Amber, age 26, lay in the emergency room. She couldn't move her arms, her mind repeatedly blanked out for several minutes at a time, and she was extremely dizzy. Her stomach hurt so much that she hadn't had anything to eat or drink for many hours.
The doctor said, "I think you're just dehydrated."
They put an IV in her arm and hung a bag of dextrose solution - sugar water - to drip into her vein. Shortly after the bag of sugar water had emptied, a technician showed up to draw blood. He explained, "The doctor wants to see if you have diabetes."
Amber looked at him in confusion. At the moment, she was able to speak, and she said, "That's going to read high in sugar from the IV bag of dextrose I just got."
The technician replied, "It's OK. I'm drawing blood from your other arm."
Amber's mother was at her bedside. Her jaw dropped, and she protested, "The fluid that goes into that vein travels throughout the body!"
The technician shrugged and finished drawing Amber's blood.
Hours later, the doctor came in and said, "Your blood sugar level is high. I think you're diabetic." He sent her home with a glucose test meter and test strips, and told her to test her blood sugar level regularly.
Amber's primary care doctor later confirmed what Amber already knew: She is not diabetic. The problems that landed her in the emergency room had nothing to do with diabetes. She was sent home from the ER with no treatment for a potentially life-threatening brain infection that went undiagnosed.
What went wrong with her medical test? No one connected the dots. The doctor may have ordered the blood test before the IV line went in. The lab may have been backed up and so didn't get to Amber until after she had had roughly a quart of sugar water infused into her veins. Or perhaps the doctor ordered the blood test after ordering the dextrose drip while he was thinking about something else.
This busy doctor may have read the report out of context without thinking about what else was happening with Amber at the time. He might review dozens or hundreds of medical test results in one shift in the ER. He probably has a routine: quickly scan for the marks that show an abnormality. Prescribe treatment to deal with that problem. Move on to the next test result.

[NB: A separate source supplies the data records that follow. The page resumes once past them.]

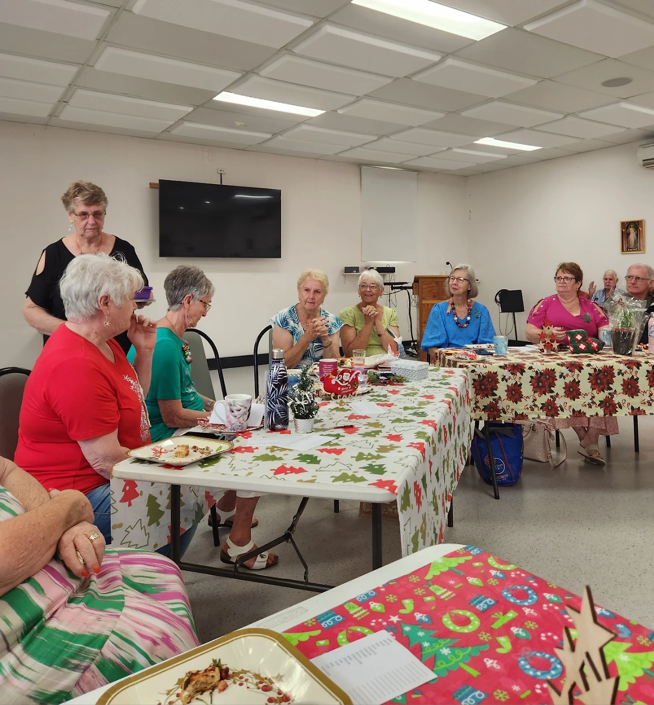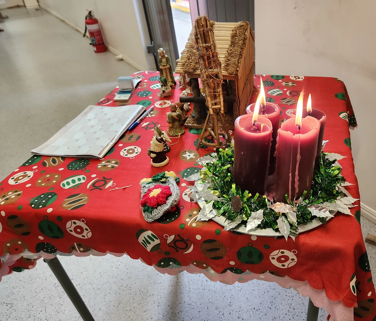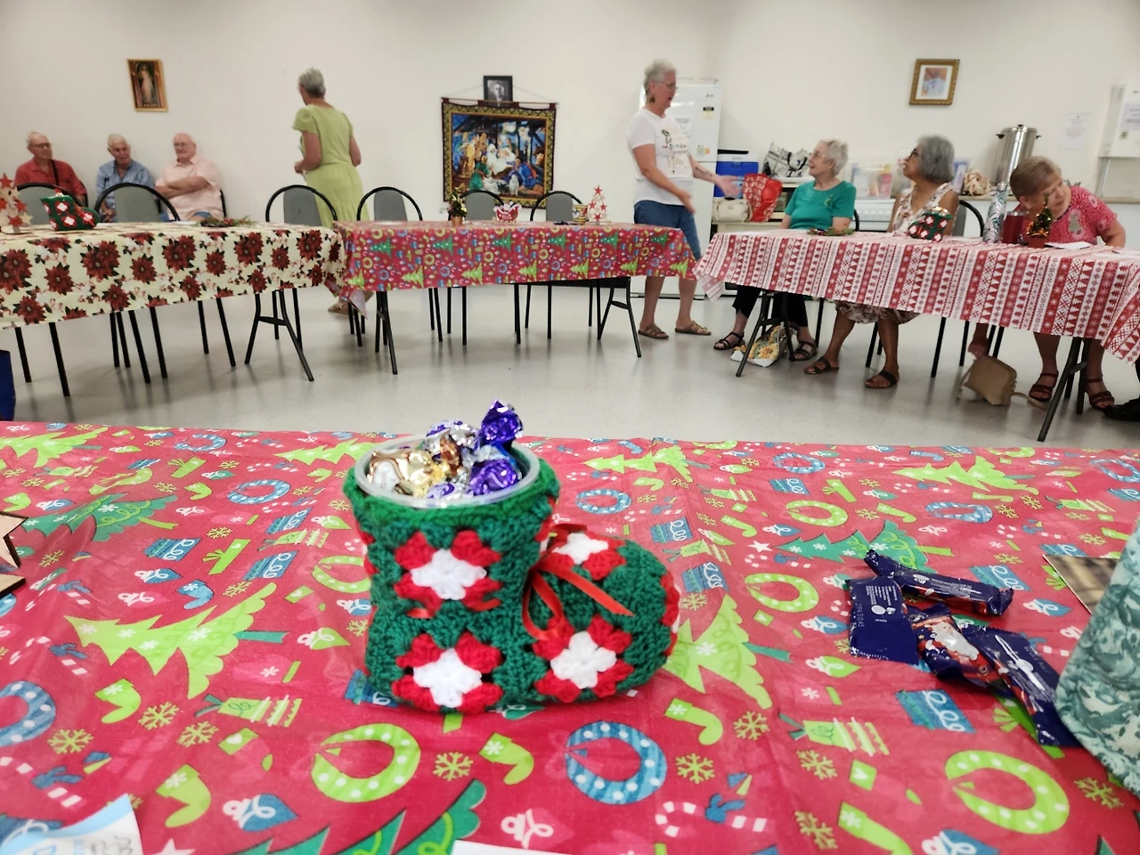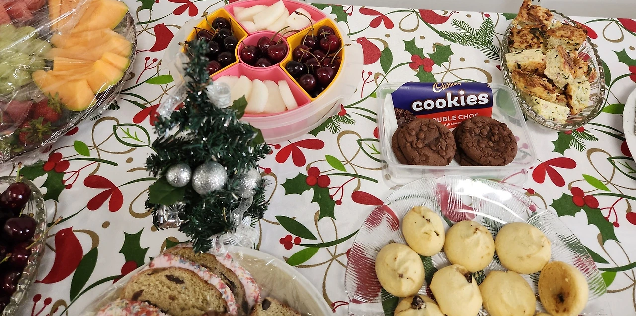아홉 시 반쯤에 가니까 벌써 부지런쟁이 바디스 할머니들이 거의 다 모여 있었다. 회색 교실을 알록달록 아름답게 장식을 해놓았다. 입구엔 크리스마스 캔들까지 분위기를 띠고, 탁자와 할머니들 옷도 평소보다 신경을 쓴 티가 확연했다. 할머니들 웃음소리는 언제나 부드럽고 정답다. 그래서 할머니들하고 있으면 마음이 편안하다.
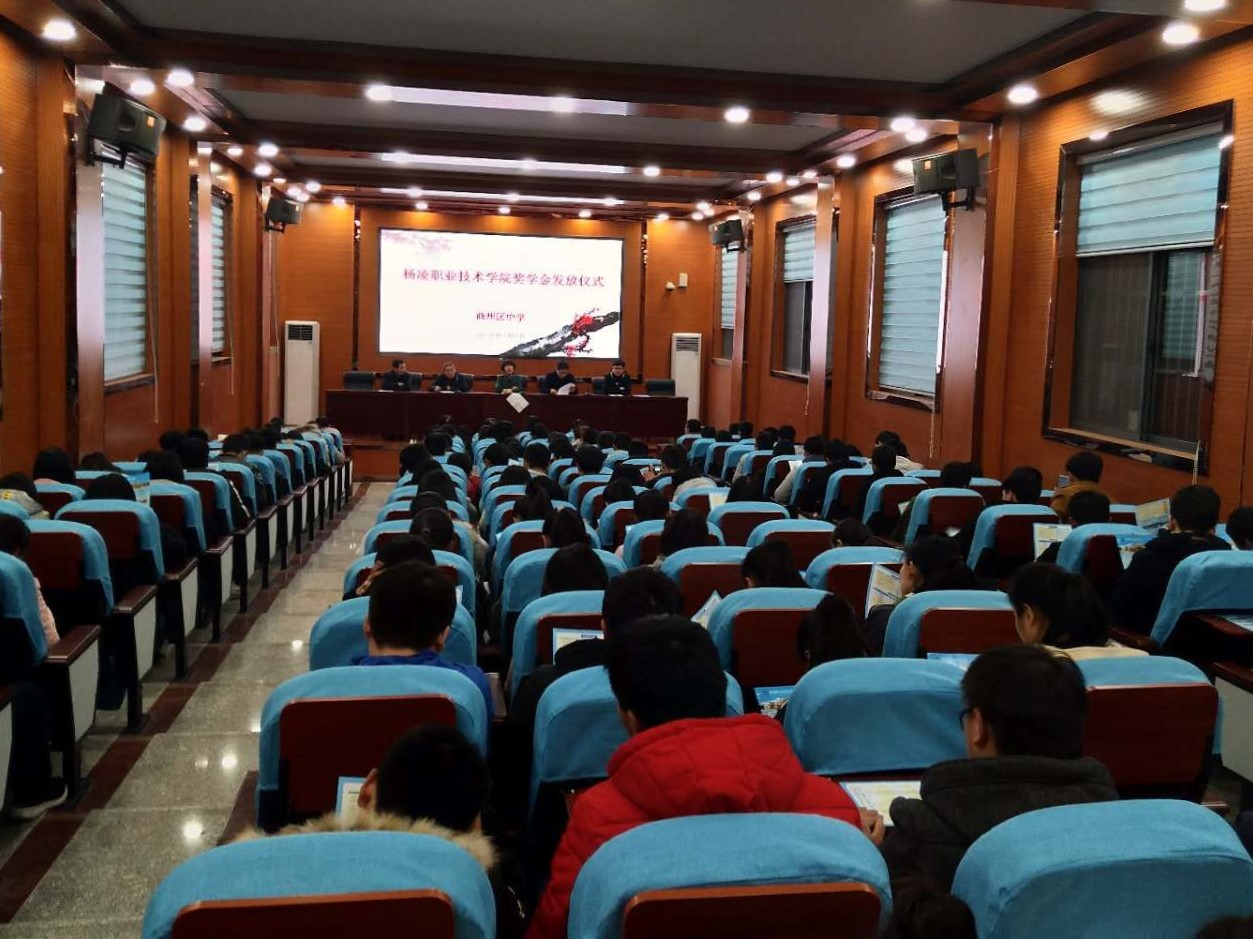 3月6日晚,我院在商洛市商州区中学举行了杨凌职业技术学院奖学金发放仪式,为商州中学40名学生颁发奖学金。学院纪委书记刘粉莲,招生就业处、水利工程分院负责人,商州区中学高三年级组师生代表200余人参加了发放仪式。
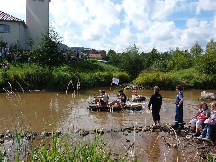 Mit dieser Leichtbauweise und viel Luft in den Gummireifen hatten die beiden Vertreter von Juventas schon fast allein gewonnen. Denn ein großes Problem auf der Wipper gab es gestern. Im Zuge des Klimawandels war der Wasserstand der Wipper so extrem niedrig, dass nur Boote in absoluter Leichtbauweise mit wenig Besatzung eine Chance hatten. Oft sah man gestern, dass die Besatzungen ihre Boote mehr geschoben haben, denn die Boote wirklich schwammen. Der niedrige Wasserstand der Wipper straft all denen Lügen, die von einem viel zu nassen Sommer sprachen. Oder ist Sondershausen ein besonderes Territorium?
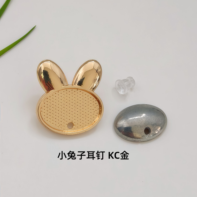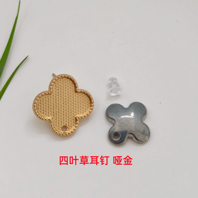 宋锦DIY四叶草蝴蝶珍珠耳环底托带盖新中式贴布艺耳饰材料配件
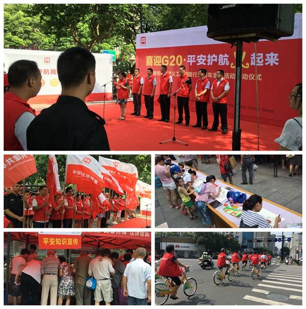 活动中,义工代表宣读了迎峰会平安护航倡议书,现场举行了“平安社区”现场授旗仪式以及开展了“平安护航我承诺”签字活动;另外,我们百乐社区还积极组织社区的平安家庭参与了现场的“长卷画平安”活动、“平安骑行”宣传活动以及现场的平安知识大宣传,以不同的形式来宣传和倡导平安建设,营造文明、健康、祥和、安定的社会环境,为G20峰会保驾护航。
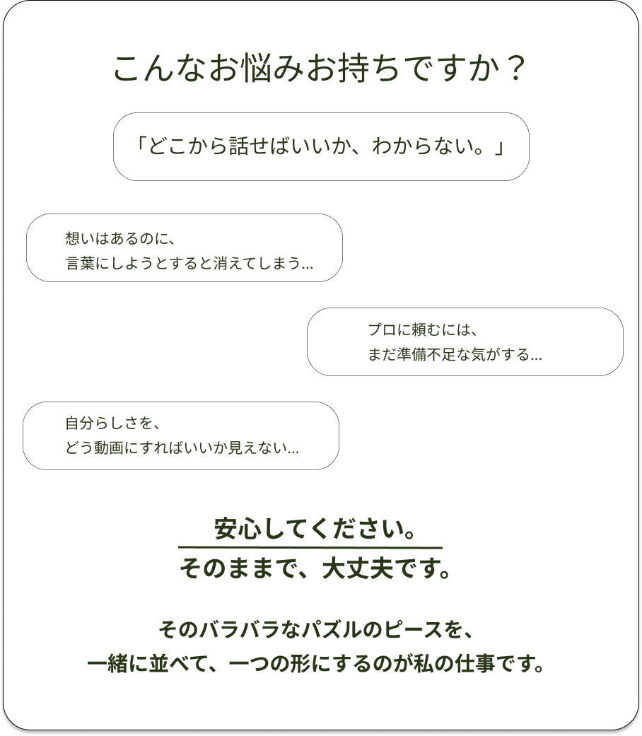 心理的な視点から本音や強みを引き出し、伝わるカタチへと設計します。
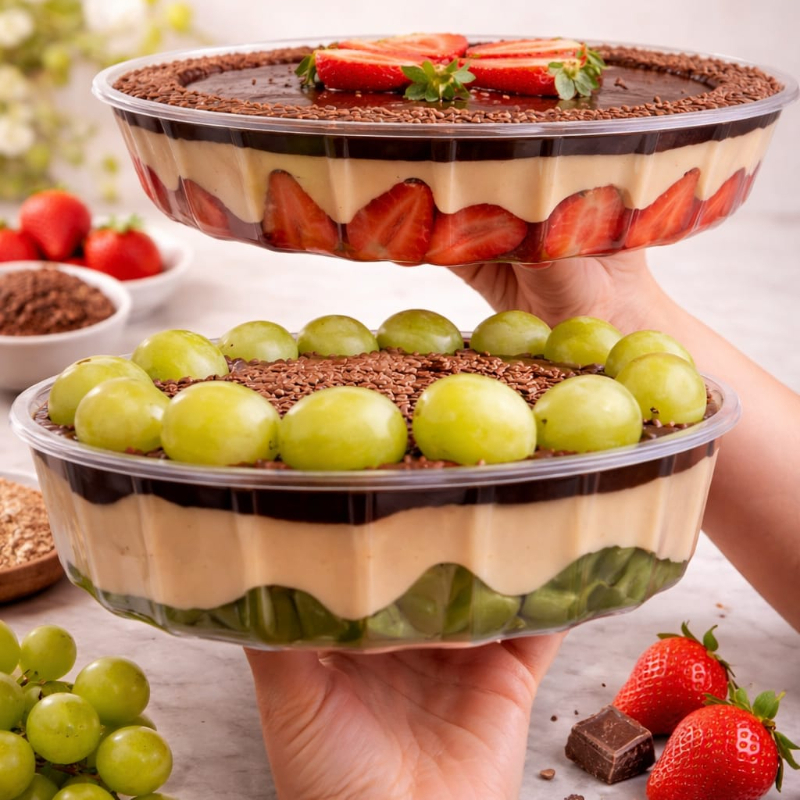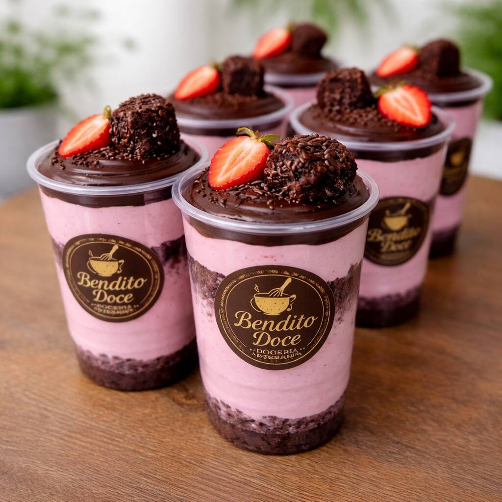 Copo de 300ml com recheio em camadas de bolo de chocolate, brigadeiro e mousse de morango..
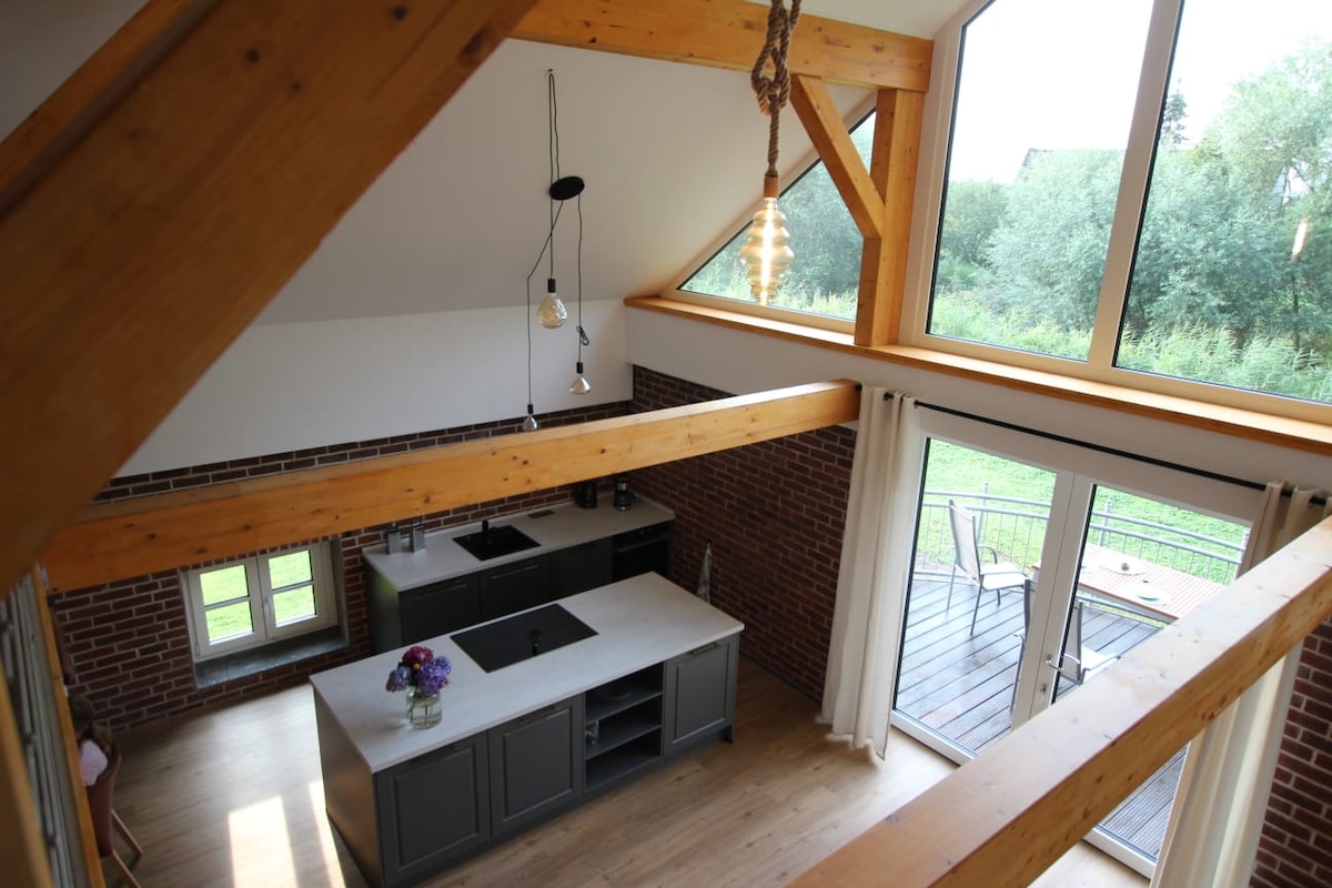 „Feldrain“ – ein hyggeliges Holzhaus im Grünen, Teil eines Ensembles mit gemeinschaftlicher Sauna und privatem Garten. Große Fenster öffnen den Blick auf die Pferdekoppel, Natur und Ruhe inklusive. Auf ca. 60 m² finden bis zu 4 Gäste (+2 Aufbettungen) Platz zum Wohlfühlen. Chillarea für Kids auf der Galerie, private Sauna-Wellnesszeiten entspannt reservierbar, kinderfreundlicher Strand in 10 min zu Fuß. Wäschepakete kannst Du gegen Gebühr dazubuchen, Early Check-In & Late Check-Out auf Anfrage.
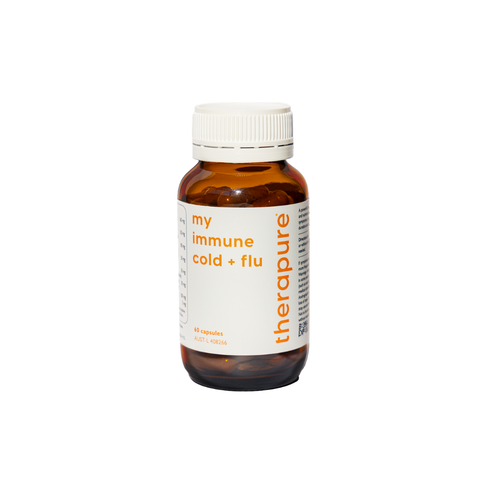 Therapure My Immune Cold and Flu is a herbal supplement formulated to support the body’s natural defence system during cold and flu season. Crafted with a carefully selected blend of herbs, this formula is designed to work synergistically to support immune function and provide relief from cold and flu symptoms. Created to help you stay ahead of seasonal infections, it supports overall wellness while targeting common symptoms associated with colds and flu.
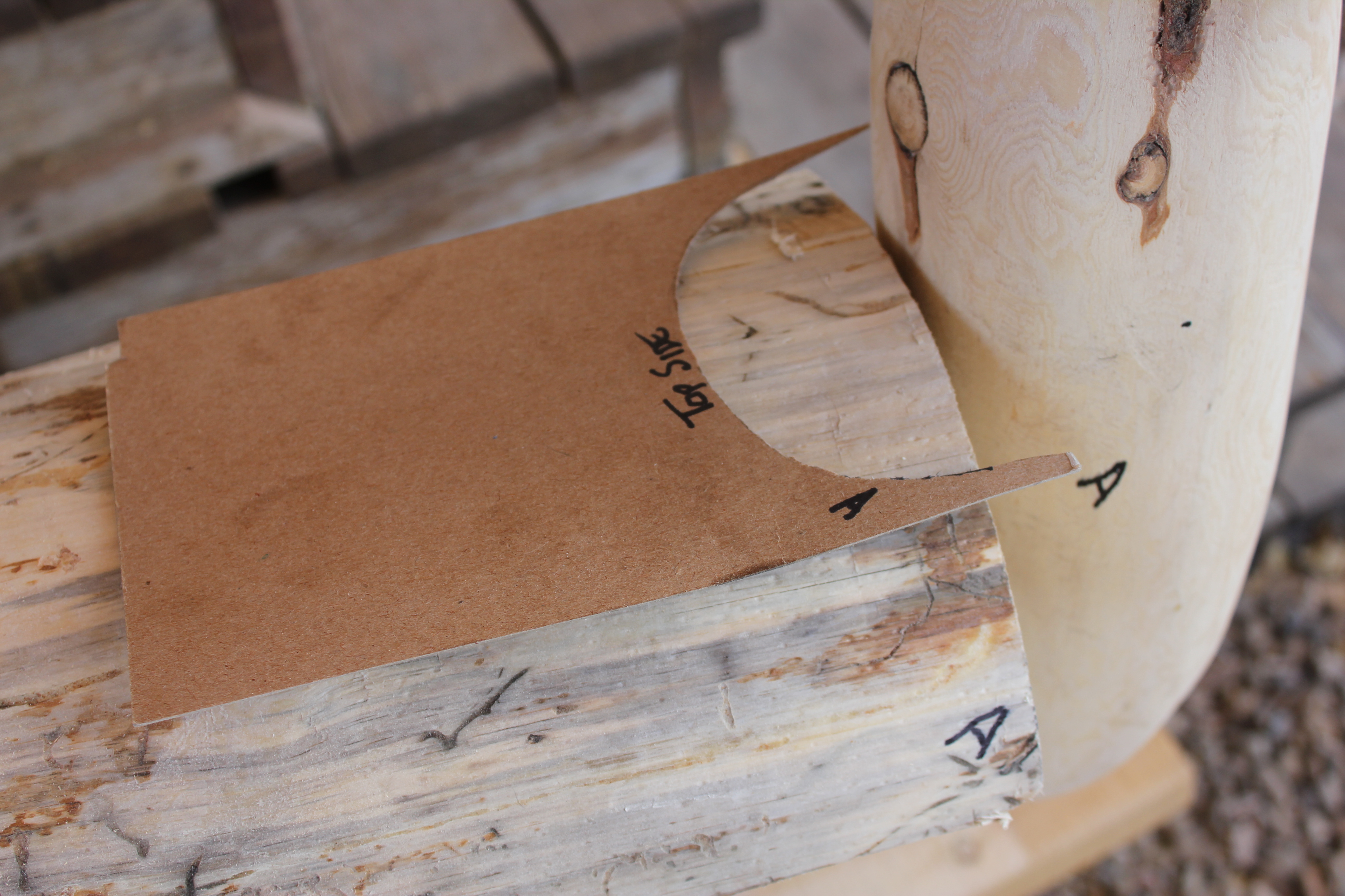 Using a piece of light cardboard, I’m starting to make a pattern for the coped cut out on the bottom of the back rest, the first of the two to receive the leg.

Research published in the journal Quality & Safety in Health Care showed that even in office visits, mistakes in medical tests are not unusual. An article in the New York Times called "Testing Mistakes at the Family Doctor," which summarizes that study, reported that the doctor sometimes orders the wrong test, the lab sometimes performs the test incorrectly, and the lab might even do the wrong test (even if the correct one was ordered). Thus, the results of the tests can be meaningless.
Amber's experience shows that even if the correct test is done, the doctor can easily draw the wrong conclusion and proceed down a path that doesn't help improve the patient's health.
One problem is that test results are often less reliable than you - and your doctor - might think they are. According to Michael Blastland and Andrew Dilnot in their book The Numbers Game, only about 8 percent of doctors in one study did the math right when asked to calculate how likely it was that a person whose test results indicated that they had a disease actually had it. The rest, they say, were "hopelessly confused."
Typically, perhaps only about 1 percent of the people given a screening test for a condition like diabetes actually have the disease. That's one person out of 100. The other 99 people are fine.
Assume that the test is 90 percent accurate. These numbers mean that 10 percent of the 99 people who are fine will be told that they are sick. That's 9.9 people. (I'll round that number to 10 people.) As a result, the one person who is sick and 10 who aren't will all be told that they have the disease - when only one person out of those 11 actually does.
Most doctors in this case assume that nine out of 10 people whose tests say that they have the disease actually have it.
What can you do to help ensure that your medical tests provide useful information?
- Ask for - and write down - the name of the test and what it is for (or have a friend or family member do it for you).
- Ask what might skew the results so that they don't paint an accurate picture. For example, eating a high-fat food - say, cheesecake - shortly before having a cholesterol test will distort the results.
- Follow the pre-test instructions carefully.
- Check that all of the identifying information on the paperwork reporting the results appears as expected. For example, are your name and the name of the test correct?
- If a test shows that you have a problem, don't simply take this answer at face value. Ask how this conclusion can be confirmed.